After consulting with a GP, you may be sent for tests as part of your next steps. This could include arranging to attend the hospital to see a specialist. These tests may include CT scans, MRI scans and ultrasounds, blood tests, biopsies or x-rays. You may also have other tests depending on your exact symptoms. They may happen on the same day but more likely will be spaced out. It should take a maximum of 2 weeks from the time you see a GP to the time you are first seen by a specialist. The GP will decide how urgent your case is, based on risk factors and the severity of your symptoms. At your tests, the healthcare team will explain in detail what will happen at each stage. You should ask for written information about the tests so you can take time to understand them outside of appointment times.
You will usually then be given a follow-up appointment to see a specialist after the tests have been completed, to discuss the results. There should be enough time in these appointments for doctors to explain properly and you should feel very free to ask any questions or for more clarity and information.
If you are diagnosed with cancer, you may be given another appointment to discuss the next steps and treatment options. Depending on how serious your diagnosis is, this appointment could be very quick or within the next couple of weeks. You shouldn’t have to wait more than 31 days from diagnosis to start your first treatment. In total, from your initial GP appointment, you shouldn’t have to wait more than 62 days to start your first treatment. In general, your referral to a specialist, tests and diagnosis should happen within this timeframe.
After a diagnosis, your doctor will find out more about your cancer. This may involve further tests to find out the stage and grading of your cancer. The stage describes the size of cancer, and if it has spread from where it initially started. This can take up to 2 weeks to complete. The grading of cancer tells doctors what the cancer cells look like compared to normal cells and gives them an indication of how quickly the cancer may grow.
When you are diagnosed, the doctor will tell you the stage and grade of your cancer. This may seem confusing at first and the doctor should explain to you what the stage and grade of your cancer mean to you. The following table outlines the staging and grading system so you can be prepared before your appointment.
Stage = size of the tumour and how far it has spread from where it originated.
Grade = appearance of cancerous cells.
|Number Staging System
|TNM Staging System
|Stage 0 – The cancer is where it started and has not spread.

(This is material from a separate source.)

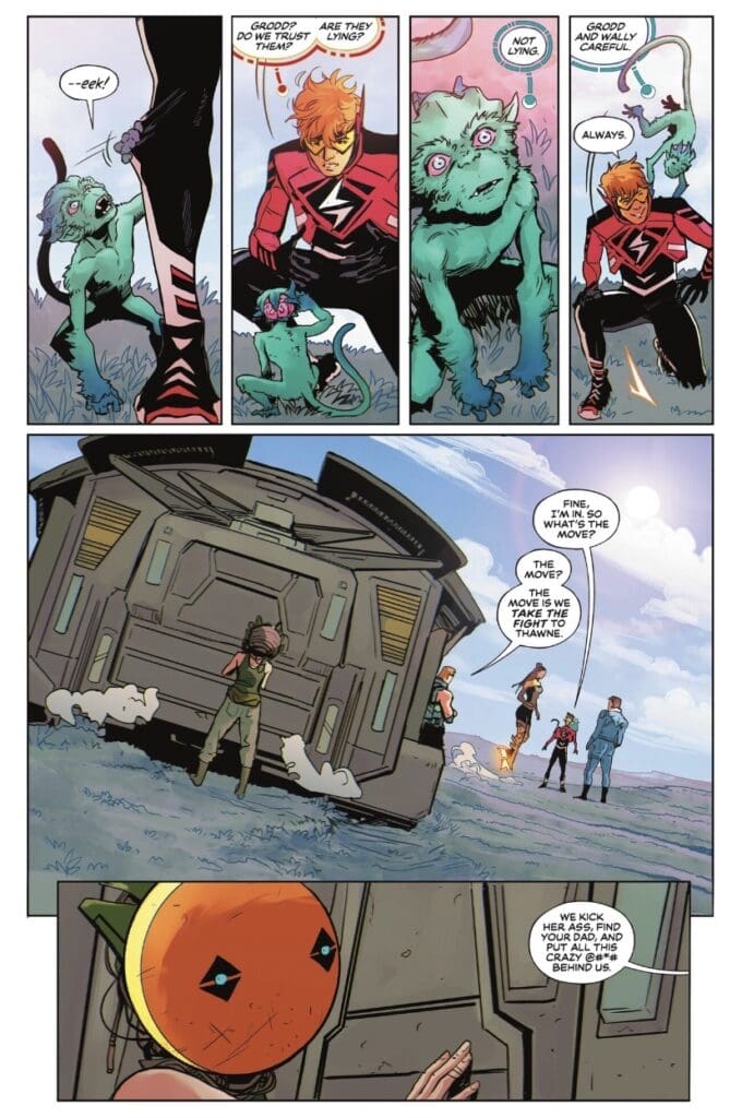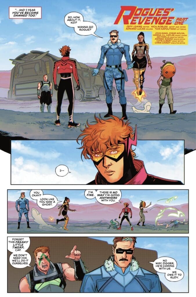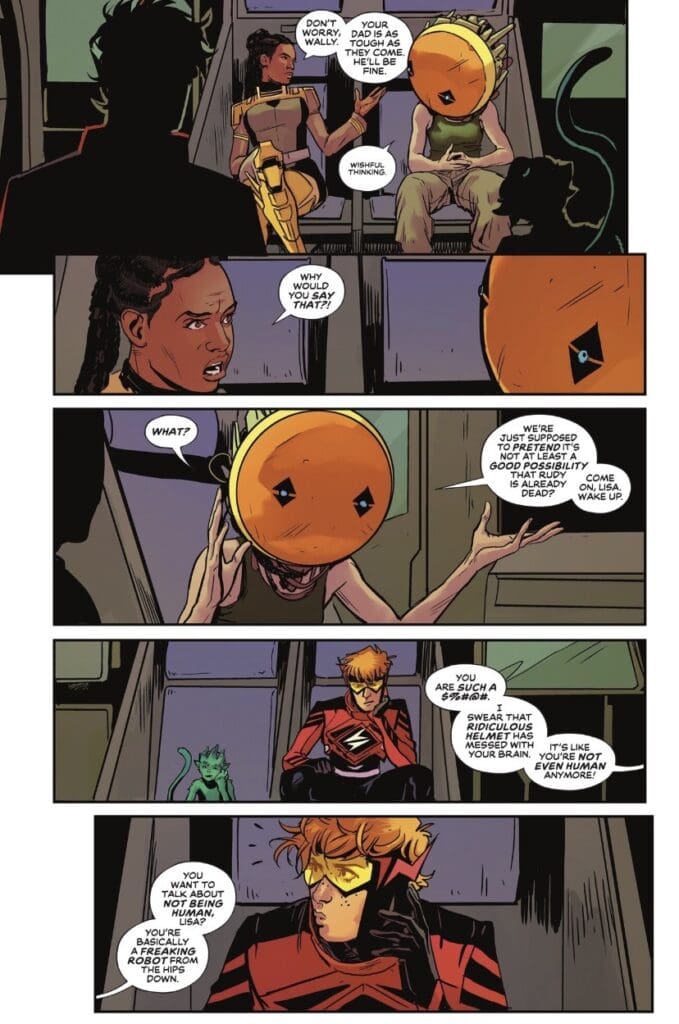 The dialogue in this issue is where Lemire really shines. It’s snappy and reveals so much about the relationships without needing big exposition dumps. There is a moment on the ship where the friction boils over. Trickler, who is in Thawne’s pocket, lashes out at Lisa (Golden Glider). She insults her appearance, calling her a “robot from the hips down” because of her tech.

Stage 1 – The cancer is small and has not spread anywhere else.
|T – describes the size of the tumour with numbers 1-4
1 = small
4 = large
|Grade 1 – Cancer cells resemble normal cells and aren’t growing rapidly.
|Stage 2 – The cancer has grown but has not spread.
|N – stands for lymph nodes with numbers 0 to 3.
0 = no cancer on lymph nodes
3 = many lymph nodes have cancer
|Grade 2 – Cancer cells don’t look like normal cells and are growing faster than normal cells.
|Stage 3 – The cancer is larger and may have spread to surrounding tissues and/or the lymph nodes (part of the immune system).
|M – stands for metastases or whether cancer has spread to another part of the body, with numbers 0 or 1.
0 = no spread
1 = cancer has spread
|Grade 3 – Cancer cells look abnormal and may grow or spread more aggressively.
After understanding the staging and grading of cancer, your doctor will be able to tell you your prognosis. This can include the likelihood of the cancer being cured, chances of a full recovery, and sometimes how long you are likely to live if the cancer cannot be cured.
This also depends on other factors such as: the type of cancer you have, where it is in the body, your age, general health, how treatment may affect you and how cancer responds to the treatment.
Your prognosis is estimated using statistics from research studies over many years. Therefore, it is important to note, that this is only an estimate, and every case is unique. You can also ask your cancer doctor how much you want to know about your prognosis. Some people may find they don’t want to know how long they have left to live and you are entitled to turn down this information.